▸ EXERCISE DETAILS
Print, exactly as they stand, the lines below from the one that has "Профессиональный парикмахер держит" to the one that has "مشروع: نظام إدارة مستشفى (HMS)", inclusive, leaving out the pictures.

▸ DATA
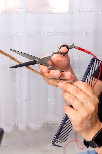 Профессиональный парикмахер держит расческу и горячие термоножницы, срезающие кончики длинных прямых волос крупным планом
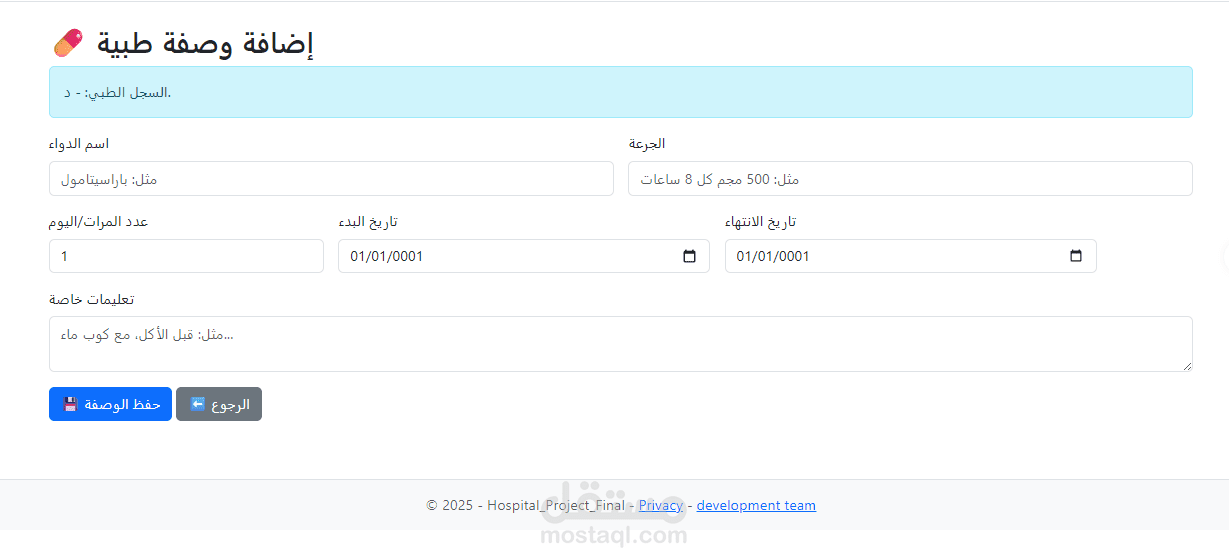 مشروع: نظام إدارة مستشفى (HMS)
---
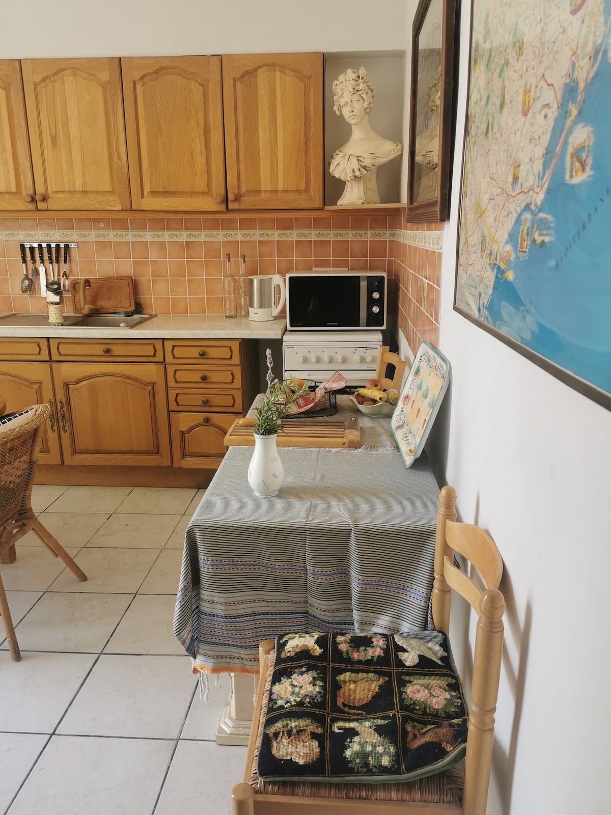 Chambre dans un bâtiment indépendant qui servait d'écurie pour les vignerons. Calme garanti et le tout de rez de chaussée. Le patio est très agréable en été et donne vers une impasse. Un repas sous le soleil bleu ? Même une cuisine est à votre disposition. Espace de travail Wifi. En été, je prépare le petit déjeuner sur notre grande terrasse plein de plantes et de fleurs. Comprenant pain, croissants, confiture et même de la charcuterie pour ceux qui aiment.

▸ EXPECTED ANSWER
 Профессиональный парикмахер держит расческу и горячие термоножницы, срезающие кончики длинных прямых волос крупным планом
 مشروع: نظام إدارة مستشفى (HMS)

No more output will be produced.